What is the difference between abstinence and recovery?

imagesOne of the very first questions I ask my clients when we start working together is “What does recovery mean to you?”  The answers vary, but most of them tend to talk about abstinence.  And for most people recovery does mean abstinence, but recovery is not just abstinence!  In my opinion, recovery certainly involves “stopping”, but “staying stopped” without the necessary personal growth and development, is extremely difficult, if not impossible.  I work with people who talk of “white knuckling” their recovery for years and years, feeling lonely and isolated, hiding from the temptations that the outside world holds.

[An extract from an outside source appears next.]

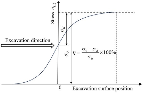 The displacement release of the tunnel is accompanied by stress release. When the excavation face is a certain distance away from an unexcavated section, the stress redistribution begins to occur in the target section. The constraint stress generated by the surrounding rock on the proposed excavation boundary of the section is defined as the initial stress. With the continuous advancement of the excavation face, the constraints on the excavation boundary of the section are continuously reduced until the tunnel face passes through the section and has a certain distance. The constraint is reduced to 0, which is the stress release process accompanied by tunnel excavation. The relationship between the stress release and the position of the excavation face is shown in Figure 9. σ(x) is the constraint stress release value corresponding to the target section when the excavation face is at any position. The definition of the stress release rate at any point around the tunnel can be obtained by the ratio of the reduction in the constraint stress to the initial stress. The stress release rate is deduced as follows [27]:

And the mere fact that we are having this conversation means that they have had some sort of slip or relapse that has caused our paths to cross.  When we start to introduce the idea of #recoverycapital to our clients at The Foundation Clinic they are almost relieved to hear that life needn’t be all about trying to embrace sheer focus and willpower to overcome and manage a substance abuse disorder.  Recovery is about living a fulfilled and purposeful life, creating and building upon the emotional, mental, spiritual, social and spiritual resources in their lives.  Life and recovery become interchangeable, as we explore values and spiritual principles, equip clients with simple, practical tools for overcoming triggers and urges, goal set and action plan, and start to understand and embrace adult emotions, rather than living in the guilt and shame of active addiction.

Recovery is not about putting life on hold while we learn to deal with our disorder.  It’s about building a life that doesn’t leave space for drugs and alcohol.  It’s about developing a healthy lifestyle and a positive self-esteem that makes us feel worthy of fulfilling personal and professional relationships.  It’s about a change in mindset, seeing the obstacles in life as a set of exciting challenges and opportunities for growth, rather than a set of potential pitfalls.  It’s about changing our negative self beliefs into those which support and assist us in life (and recovery) instead of negative thoughts, beliefs and actions ultimately leading to those very same negative self-fulfilling prophecies.  And it’s about self awareness and pursuing a conscious, present-focused existence that ensures we are living to our highest personal values, achieving the aspirations that we set out for ourselves and are intentionally pursuing through well-laid out action plans.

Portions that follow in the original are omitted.